Vegetable Quinoa Enchiladas
A vegan enchilada with nutrient-packed quinoa, black beans, and vegetables. Topped with a delicious Mexican-inspired homemade sauce!
- 1 cup white quinoa (uncooked)
- 1 yellow onion
- 2-3 cloves garlic
- 1 red bell pepper
- 2-3 roma tomatoes
- 6 oz. fresh baby spinach
- 4 oz. can mild green chiles
- 15 oz. can black beans
- 1/2 tsp. chili powder
- 1/2 tsp. ground cumin
- 1 tsp. dried oregano
- 1 cup salsa
- 2-3 cups enchilada sauce (canned or homemade)

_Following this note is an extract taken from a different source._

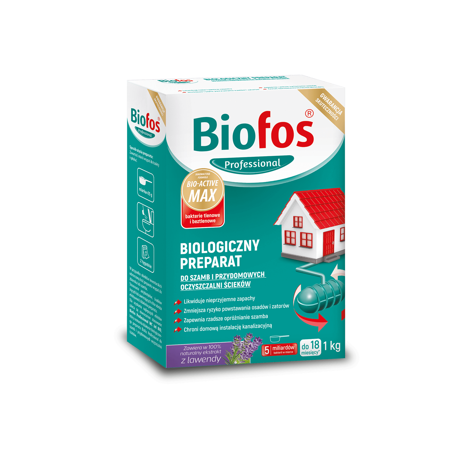 Biofos Professional to biologiczne preparaty do szamb i przydomowych oczyszczalni ścieków, które posiadają innowacyjną formułę Bio-Active Max ze składnikiem aktywnym biologicznie. Zawierają pożyteczne mikroorganizmy, które działają kompleksowo wewnątrz domowego systemu instalacji sanitarnej, przyspieszając procesy rozkładu i upłynniania ścieków. Biologiczny preparat Biofos Professional zawiera zarówno szczepy bakterii tlenowych jak i beztlenowych, dzięki czemu działa w każdych warunkach.

- 1 cup vegan shredded cheese (more/less to taste)
- 8 large tortillas (gluten-free if desired)
Preheat oven to 350°F (176°C).
Cook quinoa according to package directions.
Meanwhile, in a small pot, make the enchilada sauce. (Omit this step if using store-bought.)
Dice onion and bell pepper. Mince garlic.
In a large skillet over medium heat, sauté onion, bell pepper, and garlic for 5 minutes. (I use 3 Tbsp. veggie broth/water for no-oil sauté method.)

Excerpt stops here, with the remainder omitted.